This statement is bizarre: https://www.federalregister.gov/documents/2023/09/15/2023-20074/enforcement-policy-regarding-operator-compliance-deadline-for-remote-identification-of-unmanned

Acknowledges RID modules are not available, over 1000 FRIA applications not yet processed, and firmware updates for existing drones are not yet available. Costs are far, far higher than the FAAs estimate of $50 per module, per aircraft.

There is no evidence the FAA reviewed substantive comments from all comment filers. I filed over 75 pages of single spaced and heavily noted with citations comments, as a retired computer engineer, with a pilot’s license, and patents in both wireless and aviation technology. I doubt that the FAA read any comments from individuals and only processed those from industry, trade groups and organizations.

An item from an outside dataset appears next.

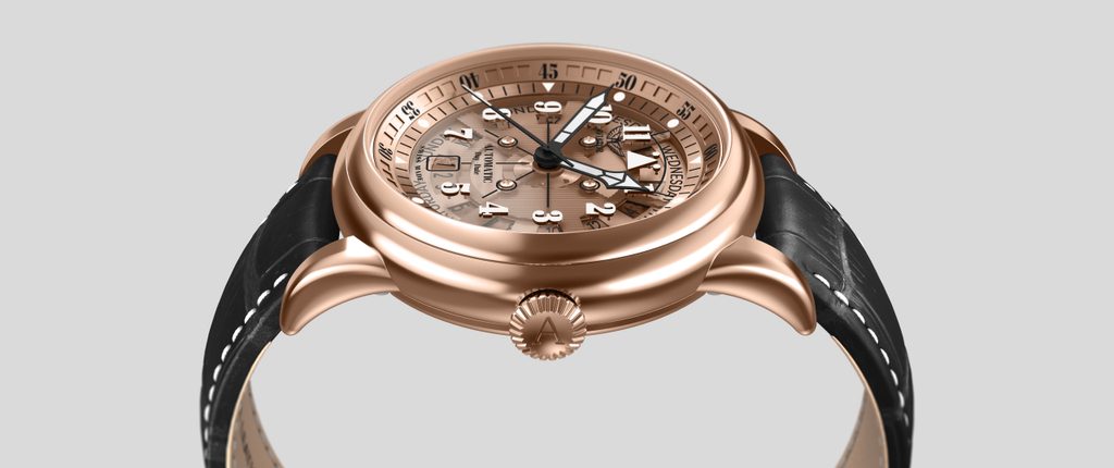 Designing each unique pilot's watch at the research and development facility inside the control tower of the regional airport in Jura, Switzerland, the staff looked to the heroes of the past, the dreamers of today and the innovators of tomorrow to organically combine the spirit of aviation in function and design. Aviator not only takes inspiration from the past, but works closely with professional pilots to design each watch to achieve flawless functionality in real-world flying conditions.

Now the FAA says thry will take into consideration that many cannot comply but has not made a blanket deferral of the RID requirement effective Sep 16, 2023. The FAAs statement is intentionally ambiguous word salad.

The FAA acknowledges the main reason for considering deferral is because many public safety agencies were not able to comply and the rules have grounded their fleets.

The primary reason for RID was not security but to enable automated collision avoidance for industrial package delivery drones flying autonomously.

The FAA has lied about almost everything regarding RID, and like so many institutions, can no longer be trusted. They are not even hiding this. The FAA’s performance on this has been wholly inadequate.